We also notice there are quite a few apps built around the book Quran as well as many dictionary/reference libraries. This suggests that building an app around a popular book can be profitable venture for both the Google Play and the App Store markets. An opportunity exists for an app developer to pick a popular book (perhaps a classic novel in the public domain that's free of any copyright restrictions) and turn it into an app. This app might include features like:  
    - Daily quotes from the book, 
    - An audio version of the book, 
    - Quizzes on the book 
    - A forum where people can discuss the book

### Conclusions
In this project, we analyzed data about the App Store and Google Play mobile apps with the goal of recommending an app profile that can be profitable for both markets.

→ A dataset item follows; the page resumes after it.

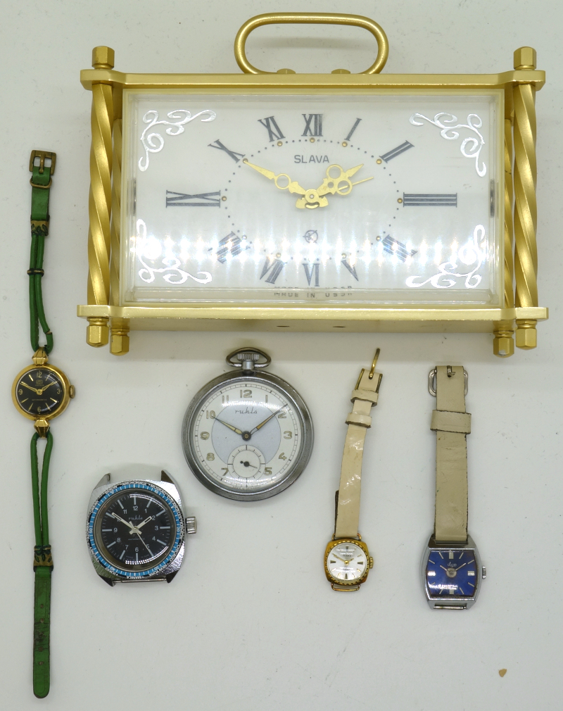 Ein Päckchen voll mit Uhren aus russischer und DDR-Produktion erreichte das Archiv im Februar 2026. Es enthielt ein wundbar erhaltenes Slava 5338, ein Transistor-Drehschwinger mit einem russischen Transistor, dann ein Luch 1800 (bislang nur defekt im Archiv vorhanden), ein Chaika 1601 (ohne “A”-Suffix, und deswegen ein Neuzugang im Archiv), sowie ein funktionsfähiges UMF 24-32 in einem besonderen, wasserdichten Gehäuse mit Weltzeit-Lünette, ein UMF M3 (Diva) und ein UMF 83 (Regular) in der im Archiv noch nicht vorhandenen Variante F2, die nur zwischen 1968 und 1970 produziert wurde.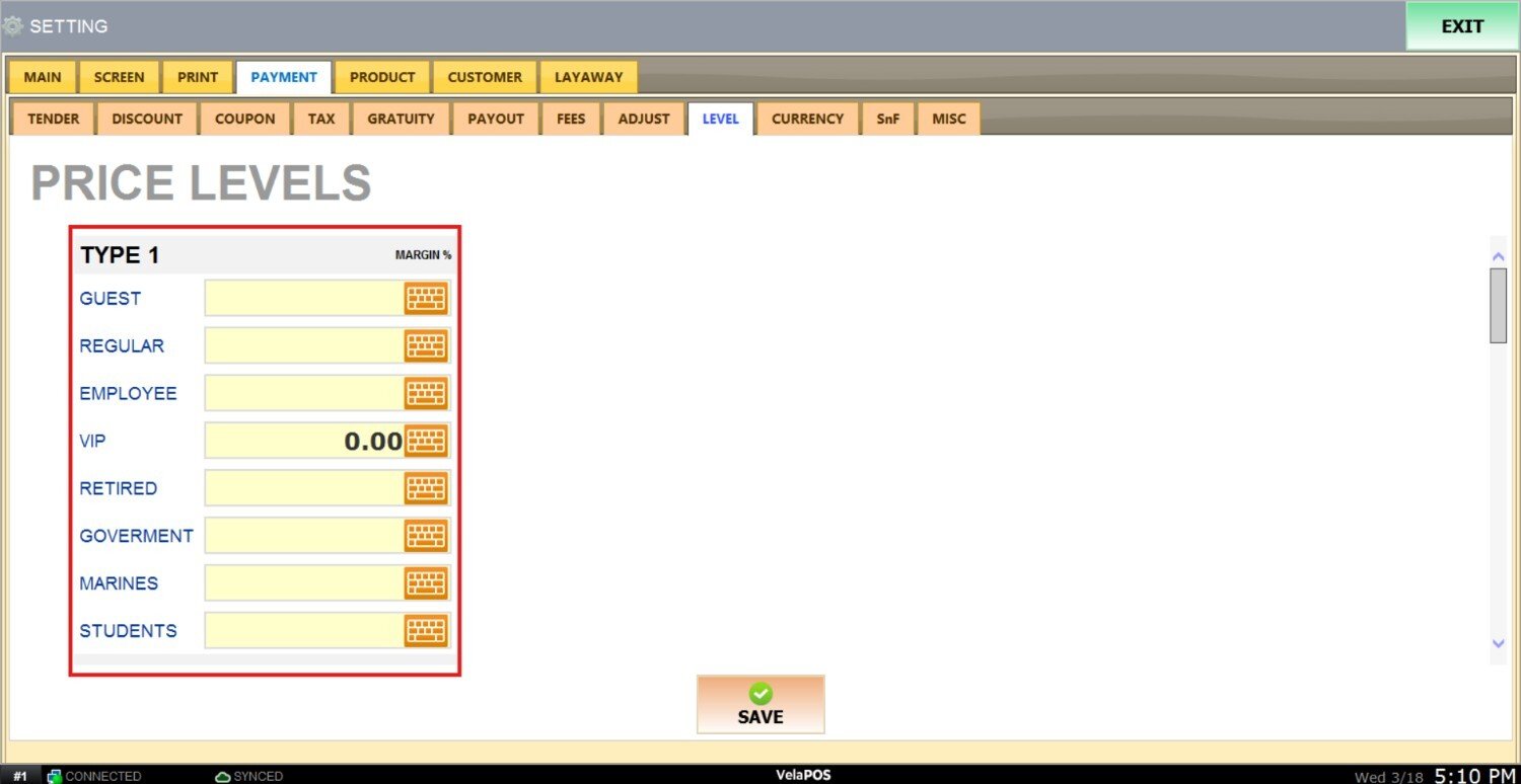 Main Screen> MENU > SETTINGS >PAYMENT > LEVEL.

We concluded that taking a popular book (perhaps a classical novel in the public domain) and turning it into an app could be profitable for both the Google Play and the App Store markets. This app might include features like daily quotes/audio snippets from the book in addition to quizzes and/or a forum where people can discuss the book.